> _EXERCISE DIRECTIONS_
Pictures are to be dropped, and only the lines from the one containing "毕业典礼在雄壮激昂的国歌声中" through the end of the data below are to be reproduced as written.

> _INFORMATION SHOWN_
::::::

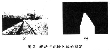 圖像二值化后的結(jié)果如圖2(a)所示,得到的最終結(jié)果如圖2(b)所示。從兩幅圖像的對比可以看出,圖像經(jīng)過一系列處理后,基本標(biāo)定了危險(xiǎn)區(qū)域。對于得到的圖2(b),圖中白色的區(qū)域?yàn)殍F道雙軌內(nèi)部即設(shè)定的危險(xiǎn)區(qū)域。應(yīng)用此種方法得到的結(jié)果圖像在光照條件充足情況下能夠得到更好的效果,不適用于光照條件不足和夜間的危險(xiǎn)區(qū)域標(biāo)定。
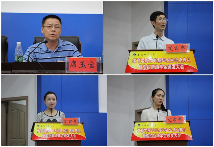 毕业典礼在雄壮激昂的国歌声中拉开序幕。席玉宝代表学院致辞,他向2015届毕业生顺利毕业表示热烈的祝贺,希望同学们在未来的人生中能够坚定信念、志存高远;积极进取、勇于挑战;心系母院、学会感恩。宣海德老师代表任课教师为毕业生寄语,非毕业班员工代表方萍、毕业班员工代表李梦莹分别发言。随后,毕业生代表向与会老师献花,一束束美丽的鲜花传达了深深的感激之情。
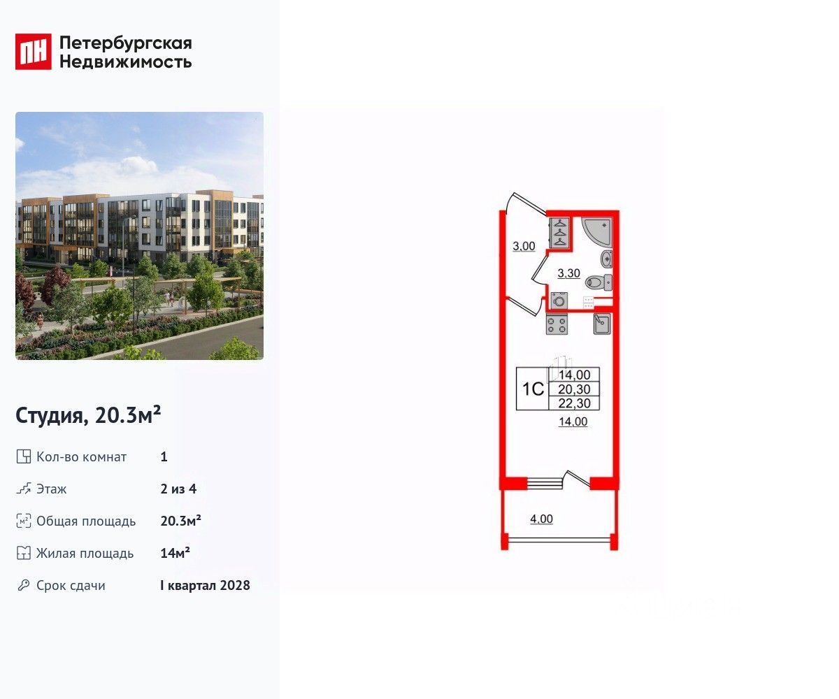 Удобная, классическая, функциональная европланировка, вместительная прихожая 3 м². Общая площадь студии - 20.3 м², жилая 14 м², высота потолка 2.78 м.
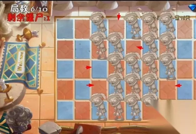6、局数2隐藏僵尸的位置如下,

::::::

> _SOLUTION_
 毕业典礼在雄壮激昂的国歌声中拉开序幕。席玉宝代表学院致辞,他向2015届毕业生顺利毕业表示热烈的祝贺,希望同学们在未来的人生中能够坚定信念、志存高远;积极进取、勇于挑战;心系母院、学会感恩。宣海德老师代表任课教师为毕业生寄语,非毕业班员工代表方萍、毕业班员工代表李梦莹分别发言。随后,毕业生代表向与会老师献花,一束束美丽的鲜花传达了深深的感激之情。
 Удобная, классическая, функциональная европланировка, вместительная прихожая 3 м². Общая площадь студии - 20.3 м², жилая 14 м², высота потолка 2.78 м.
6、局数2隐藏僵尸的位置如下,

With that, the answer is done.